» Materials provided:
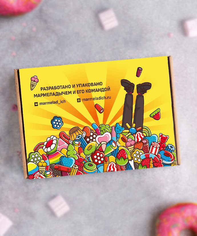 Разработать дизайн упаковки для лимитированных наборов в соответствии с заполненным брифом. По задумке клиента, внутри коробки находится баночка на 500 грамм праздничного мармелада и антистрессовый хомяк Михаил. Последний с легкостью устранит печаль от опустевшей баночки спустя 5 минут после боя курантов.
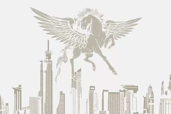 Papier peint photo Pégase au-dessus de la ville N° w04777
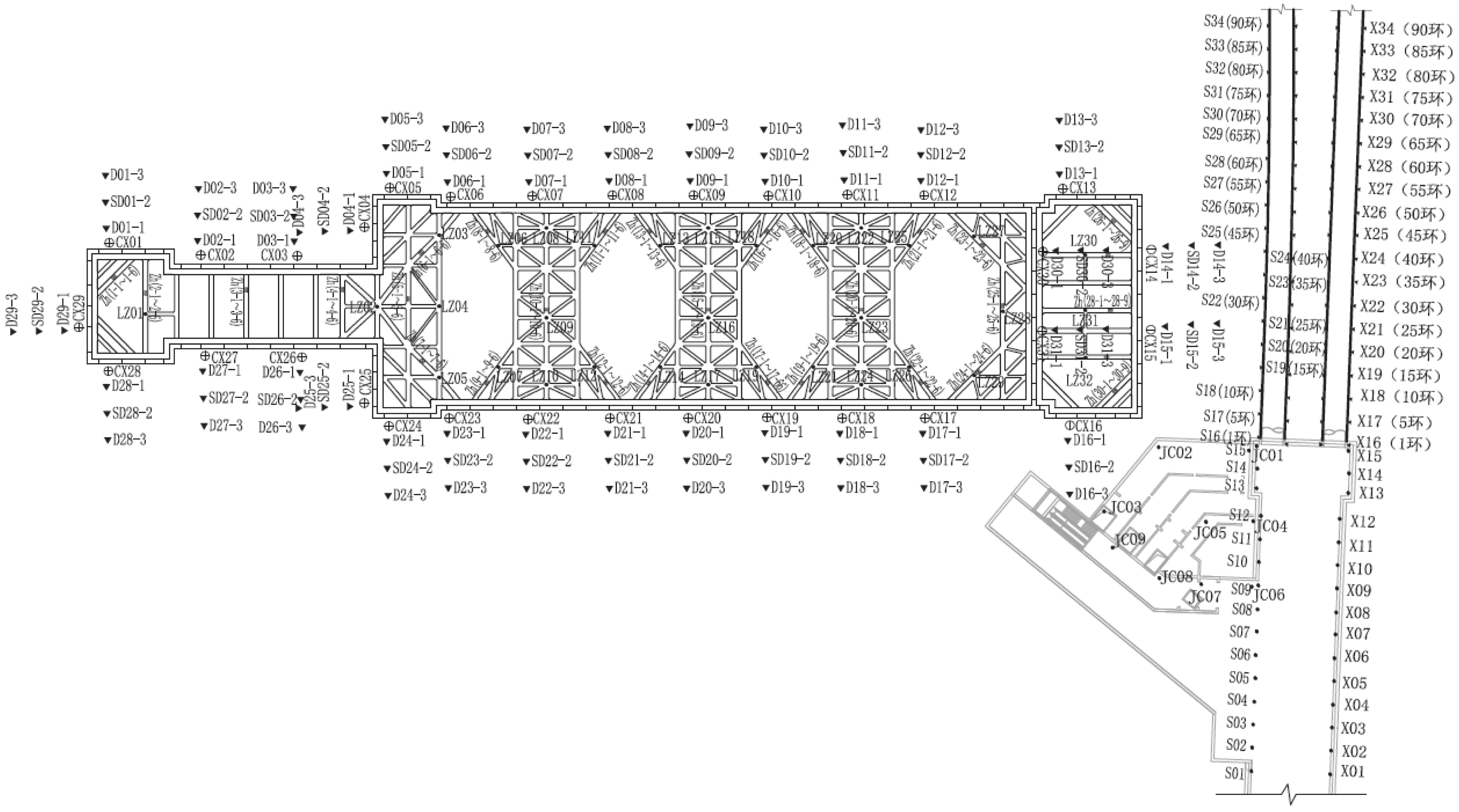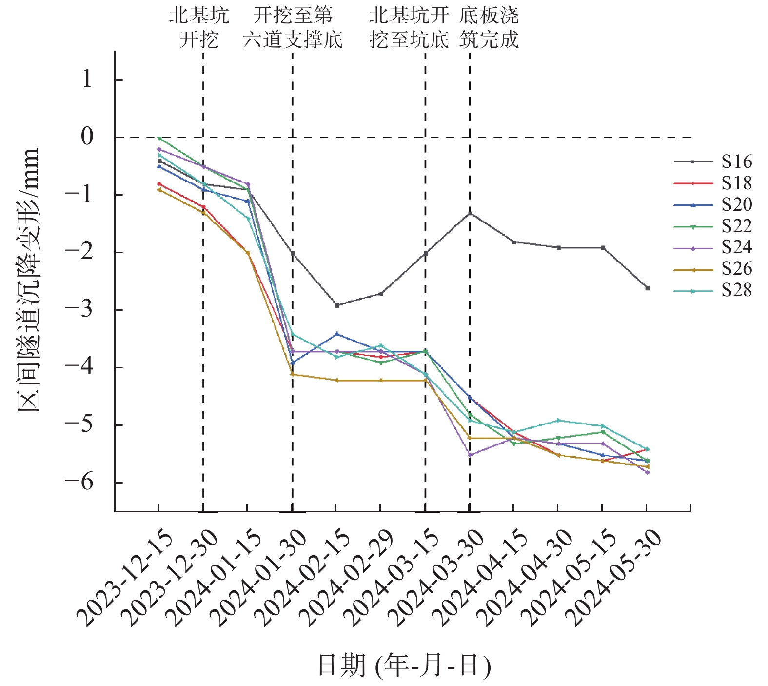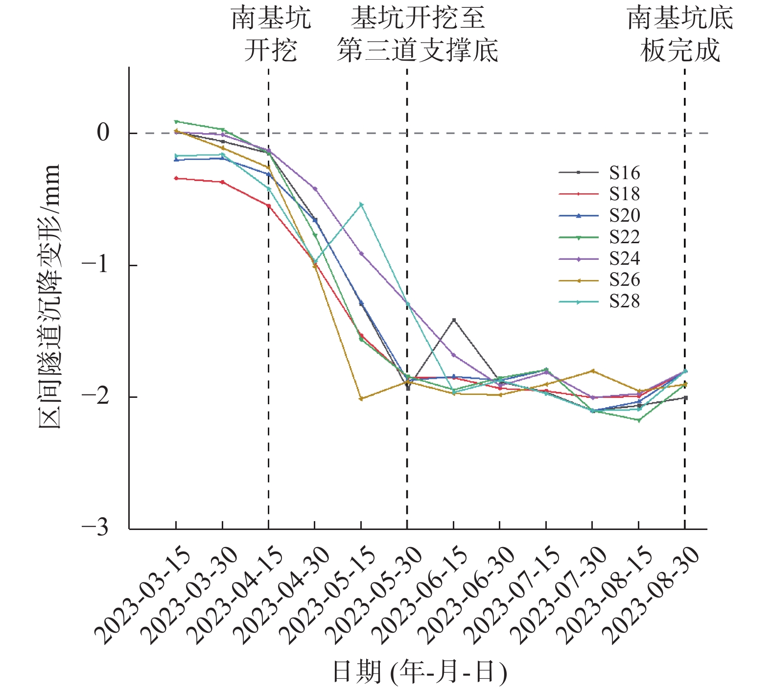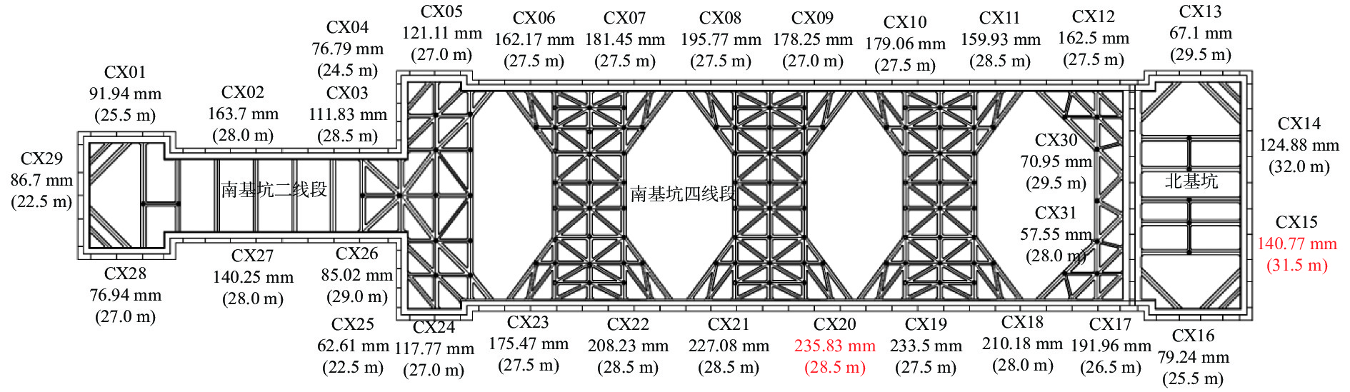 宁波轨道交通7号线小洋江站为多线换乘地下三层车站,基坑长度270.8 m,四线段基坑宽度51.4~55.7 m,两线段基坑宽度19.6~27.3 m,基坑深度27~31 m。车站建设场地存在深厚软土,基坑北侧距已运营的区间隧道约30.8 m,基坑变形控制要求较高。为控制基坑与邻近区间隧道变形,基坑围护设计采用地连墙+内支撑体系,同时采用硬分坑分时分段施工、软分坑分层开挖、地连墙构造段加长切断承压水层及设置施工便道与栈桥等一系列措施。监测结果表明,基坑大阳角采用软分坑与分层开挖的方式,对其变形控制非常有效;地表沉降对于坑外荷载较为敏感,坑外存在长期荷载区域地表沉降远大于其余区域;基坑开挖对邻近区间隧道存在影响,开挖深度小于隧道埋深时,对区间隧道影响较大,而开挖深度超过隧道埋深时,对区间隧道影响相对较小,最终区间隧道沉降为5.9 mm,控制在允许范围内。
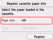 V nabídce Vel. str. (Page size) vyberte velikost papíru vloženého v kazetě a vyberte možnost Registrovat (Register).
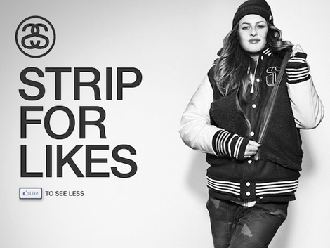 En Holanda la marca de ropa Stussy Amsterdam lanza una atrevida campaña publicitaria con una app en su página de Facebook, la idea fue poner a una modelo saturada en ropa pero con la promesa de que entre más likes tuviera la modelo se irá quitando cada prenda hasta quedar como vino al mundo.
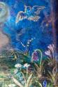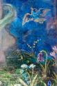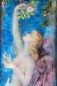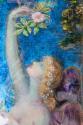 The figure of 'Spring' is depicted against a striking blue background with golden curls and large angel-like wings coloured purple. She is draped in swathes of fabric covered in flowers which swirl round her form and stands in a side pose reaching up to pick a pink rose hanging from above. In the other hand she holds a small bird while more birds flutter at her legs. Intricate jewel coloured flowers, bluebells, crocuses and forget-me-nots burst from the foreground.
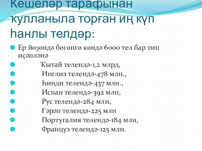 Слайд 6Кешеләр тарафынан ҡулланыла торған иң күп һанлы телдәр:
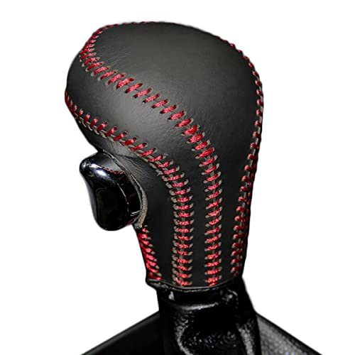 Copri pomello cambio in vera pelle nera, adatto per Audi A4 A5 A8 Q3 Q5 Q7 2009-2010 Copricambio automatico (filo rosso)

» Activity: From the line containing "Papier peint photo" through the last line of the records, both included, output those lines exactly and nothing else; skip the pictures.

» Finished exercise:
 Papier peint photo Pégase au-dessus de la ville N° w04777
 宁波轨道交通7号线小洋江站为多线换乘地下三层车站,基坑长度270.8 m,四线段基坑宽度51.4~55.7 m,两线段基坑宽度19.6~27.3 m,基坑深度27~31 m。车站建设场地存在深厚软土,基坑北侧距已运营的区间隧道约30.8 m,基坑变形控制要求较高。为控制基坑与邻近区间隧道变形,基坑围护设计采用地连墙+内支撑体系,同时采用硬分坑分时分段施工、软分坑分层开挖、地连墙构造段加长切断承压水层及设置施工便道与栈桥等一系列措施。监测结果表明,基坑大阳角采用软分坑与分层开挖的方式,对其变形控制非常有效;地表沉降对于坑外荷载较为敏感,坑外存在长期荷载区域地表沉降远大于其余区域;基坑开挖对邻近区间隧道存在影响,开挖深度小于隧道埋深时,对区间隧道影响较大,而开挖深度超过隧道埋深时,对区间隧道影响相对较小,最终区间隧道沉降为5.9 mm,控制在允许范围内。
 V nabídce Vel. str. (Page size) vyberte velikost papíru vloženého v kazetě a vyberte možnost Registrovat (Register).
 En Holanda la marca de ropa Stussy Amsterdam lanza una atrevida campaña publicitaria con una app en su página de Facebook, la idea fue poner a una modelo saturada en ropa pero con la promesa de que entre más likes tuviera la modelo se irá quitando cada prenda hasta quedar como vino al mundo.
 The figure of 'Spring' is depicted against a striking blue background with golden curls and large angel-like wings coloured purple. She is draped in swathes of fabric covered in flowers which swirl round her form and stands in a side pose reaching up to pick a pink rose hanging from above. In the other hand she holds a small bird while more birds flutter at her legs. Intricate jewel coloured flowers, bluebells, crocuses and forget-me-nots burst from the foreground.
 Слайд 6Кешеләр тарафынан ҡулланыла торған иң күп һанлы телдәр:
 Copri pomello cambio in vera pelle nera, adatto per Audi A4 A5 A8 Q3 Q5 Q7 2009-2010 Copricambio automatico (filo rosso)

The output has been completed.